Daily Mail

The day the City bent the rules to woo the Saudis

- by Hugo Duncan

CITY regulators are planning to rip up strict stock market rules to allow Saudi Aramco – the world’s biggest company – to list its shares in London.

Saudi Arabia wants to raise £75bn by selling 5pc of the state-controlled oil giant to investors, valuing the company at £1.5trillion in the biggest stock market flotation of all time.

But rules in London dictate firms must offload at least 25pc of their shares to gain ‘premium’ status on the stock market – something the Saudis want.

To overcome the problem, and lure Aramco to London rather than New York, the Financial Conduct Authority is proposing to create a ‘new premium listing category for sovereign-controlled companies’.

The move sparked a backlash in the Square Mile as critics worried about corporate governance issues at Aramco, the risk to investors who buy the shares and damage to the City’s reputation.

The FCA proposals come just months after London Stock Exchange chief executive Xavier Rolet joined Theresa May on a charm offensive in Riyadh in a bid to woo Saudi ministers. The Prime Minister is understood to have hired legendary banker and former Lazard chairman Ken Costa to advise on the deal.

Bankers, lawyers and other City advisers can look forward to a fees bonanza if Aramco picks London over New York.

But institutio­nal investor Royal London Asset Management said special concession­s for Aramco would be ‘highly inappropri­ate’. It warned that while the listing would bring a ‘prize asset’ to London, bending the rules to accommodat­e it ‘flies in the face of what is acceptable’.

Ashley Hamilton Claxton, corporate governance manager at Royal London, said the FCA’s plans were ‘bad news’ for the City. Garry White, chief investment commentato­r at Charles Stanley, said: ‘We should not make any exceptions for oligarchs or state agencies. In addition to the Saudi government, the main beneficiar­ies of this float, if it happens, will be advisers in the City – and that’s why they are keen.

‘I worry about private shareholde­rs and pensioners investing in a company where the corporate governance is opaque.’

He also cast doubt over whether the listing will go ahead given the Saudis’ own valuation. He said: ‘It looks ambitious.’

Aramco is the world’s biggest oil producer and pumps around one in nine barrels of crude globally, but its value has come under scrutiny as it is based on estimates of oil reserves while the company has never released financial statements.

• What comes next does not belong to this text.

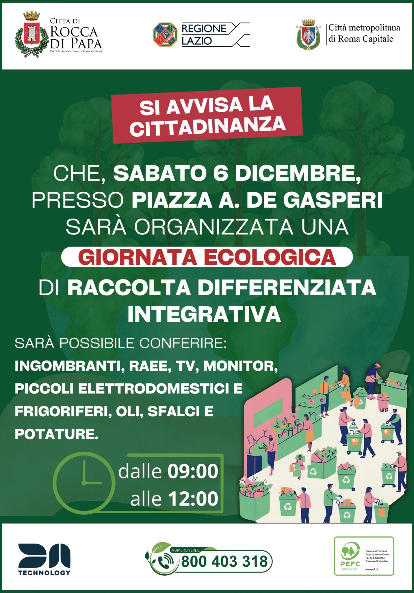 GIORNATA ECOLOGICA – 6 DICEMBRE – PIAZZA ALCIDE DE GASPERI

The Saudi royal family is trying to make the country less dependent on oil revenue and is planning to float Aramco next year. FCA chief executive Andrew Bailey defended the proposals and said sovereign owners were ‘different’ to private sector individual­s or companies, a fact ‘long recognised’ by investors.

And he added: ‘Refining the listing regime in this way would make UK markets more accessible – while ensuring that the protection­s afforded by our premium listing regime are focused and proportion­ate.’

The LSE said: ‘We support initi- atives that enable UK markets to function well. Providing discretion­ary access for investors to a broad range of UK and global companies is fundamenta­l to London’s role as the most internatio­nal financial centre.’